Hacker News new | ask | show | jobs
by crb 3403 days ago
> Why doesn't Kubernetes destroy these nodes when they've been out of commission for 3-4 hours?

Kubernetes isn't responsible for the lifecycle of its nodes. It can run in a DC where "destroying a node" might mean paging a tech to turn off a server. Something external - in your case, kops & your ASG - is responsible for the nodes that Kubernetes runs on. That's a deliberate design choice.

It should make a correct decision not to schedule work there, which it sounds like it did.

Given that, your other questions are hard to answer. kubelet is a process that runs on the nodes. So is docker. If you can't get into the machine to diagnose the fault, I'd encourage you to set up some monitoring/log shipping off the node so you can see what the state was when it failed.

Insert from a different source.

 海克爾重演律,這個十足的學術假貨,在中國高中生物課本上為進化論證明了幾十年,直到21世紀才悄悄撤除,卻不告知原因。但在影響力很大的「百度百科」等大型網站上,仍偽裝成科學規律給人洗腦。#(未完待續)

There's nothing inherently "Kubernetes" about this diagnosis - it's more EC2, node/kernel/OS and Docker troubleshooting, in that order.

1 comments

Correct, Kubernetes is not responsible for the nodes. I would build a health check into your Autoscale Group (I don't know exactly how to do this on AWS, but am happy to show you an example on GCP - aronchick (at) google).

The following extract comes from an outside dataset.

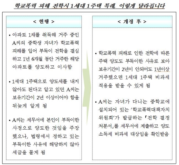 ㅇ 학교폭력 피해로 인한 전학으로 주택 양도시 보유기간 요건에 상관없이* 1세대 1주택 양도세 비과세 적용
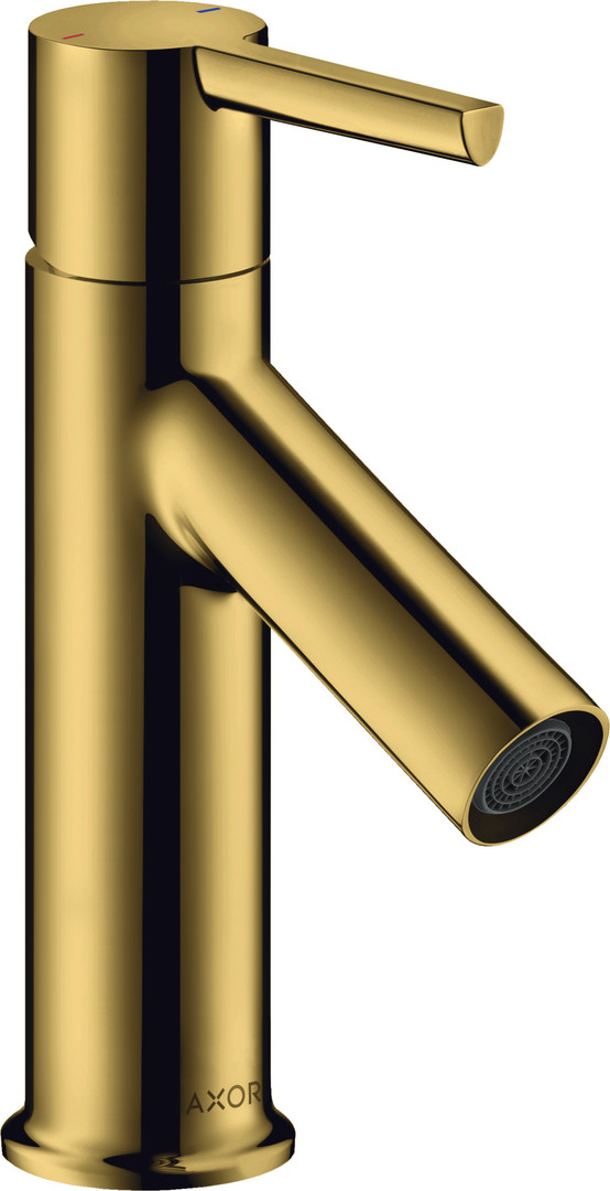 hansgrohe Waschtisch-Einhebelmischer 80 Axor Starck Ausladung 86mm, mit Hebelgriff, mit Zugstangen-Ablaufgarnitur, für Handwaschbecken, polished gold optic

If you can't get to the machine, there are a million reasons why this would be the case - but ssh is a totally separate process, it's way outside of Kubernetes. VERY commonly, you've run out of memory and processes are fighting among themselves (especially since EVERYTHING seems to be failing), but this is total speculation. OS issues are common too - I've spun up clusters switching from one distro to another, same config, and everything worked great.

Disclosure: I work at Google on Kubernetes.

Speaking of distros and considering your background. What would be the "best" Distro for running Kubernetes ?
If all the OS does is provide a minimal surface for running containers, I'd focus on whatever gives me the best security, manageability and updates.

The Container Optimised OS is what GKE uses on Google Cloud Platform https://cloud.google.com/container-optimized-os/docs/

It's conceptually very similar to CoreOS' Container Linux, so I might try that if I were looking at Kubernetes elsewhere and wanted a container-only OS.

If I am running an environment with multiple purposes - some container hosts, some regular machines - I'd err on the side of "who is my current vendor/what does my ops team support and know best".

Great thanks for the valuable infos. We are running SLES12 and also a Suse Openstack Cloud on bare metal and only recently Suse has announced their container strategy (SLE MicroOS Distro) but we haven't had time to evaluate it yet. At a recent DevConf I saw some interesting talks about immutable container hosts such Fedora Atomic. Seems that there is a lot of work done in this area.